*** Block opens ***

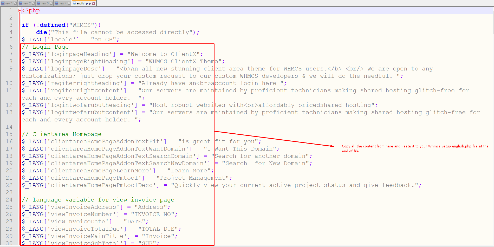 Step 6: Copy all the content from here and paste it to your WHMCS setup english.php file at the end of the file. setup at same location and same file.
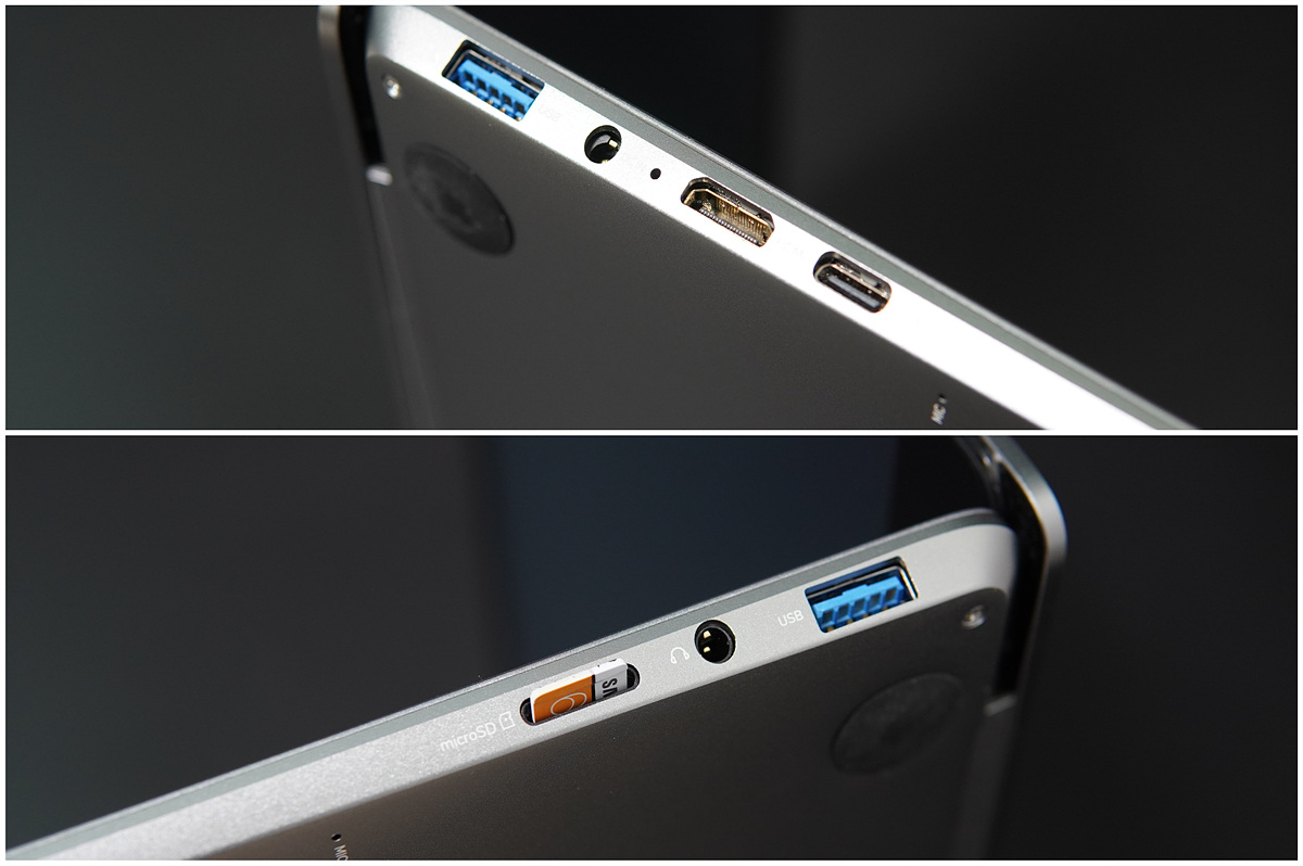 좌우로 USB 3.0 포트가 각각 한 개씩 있고 USB Type-C 포트는 PD를 지원해서 편리하게 충전을 할 수 있습니다. 오른쪽에는 microSD 슬롯이 있어서 추가로 용량을 확보할 수 있습니다. USB 포트는 넉넉한 편은 아니지만 부족할 경우 USB 허브를 사용하면 보다 편리하게 사용할 수 있습니다. (노트북을 사용한다면 허브는 필수 액세서리입니다.) 아쉬웠던 부분은 HDMI가 아닌 mini HMDI 포트였습니다. 추가로 모니터를 연결하기 위해서 mini HDMI 케이블이나 젠더를 사용해야 되기 때문에 익숙하지 않은 사용자들이라면 처음에 좀 당황할 수도 있을 거라 생각합니다.
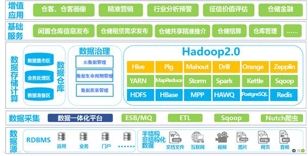 二期:重點基于大數據平臺,進行倉儲大數據挖掘和應用分析,支撐區域共享倉儲的分析和可視化展現,支撐客戶畫像、企業畫像以及精準營銷,同時,完善共享倉儲的增值服務功能,包括在線倉儲SAAS服務、倉儲金融等增值服務功能。
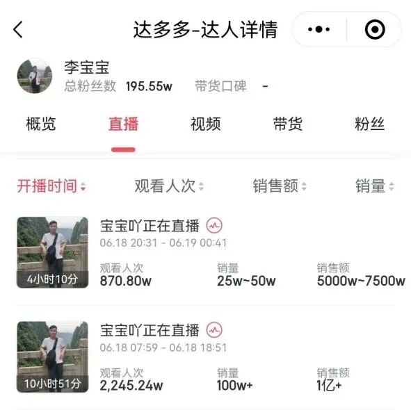 他不是传统意义上的流量王者,也不是常年霸榜的超级大主播,账号粉丝不到200万,李宝宝凭一天内的两场直播,就坐稳了抖音618热播榜和带货榜总榜第一。

*** Block closes ***

Your task: Exactly as written above, print every line of the data but not its pictures.

Result of the exercise:
 Step 6: Copy all the content from here and paste it to your WHMCS setup english.php file at the end of the file. setup at same location and same file.
 좌우로 USB 3.0 포트가 각각 한 개씩 있고 USB Type-C 포트는 PD를 지원해서 편리하게 충전을 할 수 있습니다. 오른쪽에는 microSD 슬롯이 있어서 추가로 용량을 확보할 수 있습니다. USB 포트는 넉넉한 편은 아니지만 부족할 경우 USB 허브를 사용하면 보다 편리하게 사용할 수 있습니다. (노트북을 사용한다면 허브는 필수 액세서리입니다.) 아쉬웠던 부분은 HDMI가 아닌 mini HMDI 포트였습니다. 추가로 모니터를 연결하기 위해서 mini HDMI 케이블이나 젠더를 사용해야 되기 때문에 익숙하지 않은 사용자들이라면 처음에 좀 당황할 수도 있을 거라 생각합니다.
 二期:重點基于大數據平臺,進行倉儲大數據挖掘和應用分析,支撐區域共享倉儲的分析和可視化展現,支撐客戶畫像、企業畫像以及精準營銷,同時,完善共享倉儲的增值服務功能,包括在線倉儲SAAS服務、倉儲金融等增值服務功能。
 他不是传统意义上的流量王者,也不是常年霸榜的超级大主播,账号粉丝不到200万,李宝宝凭一天内的两场直播,就坐稳了抖音618热播榜和带货榜总榜第一。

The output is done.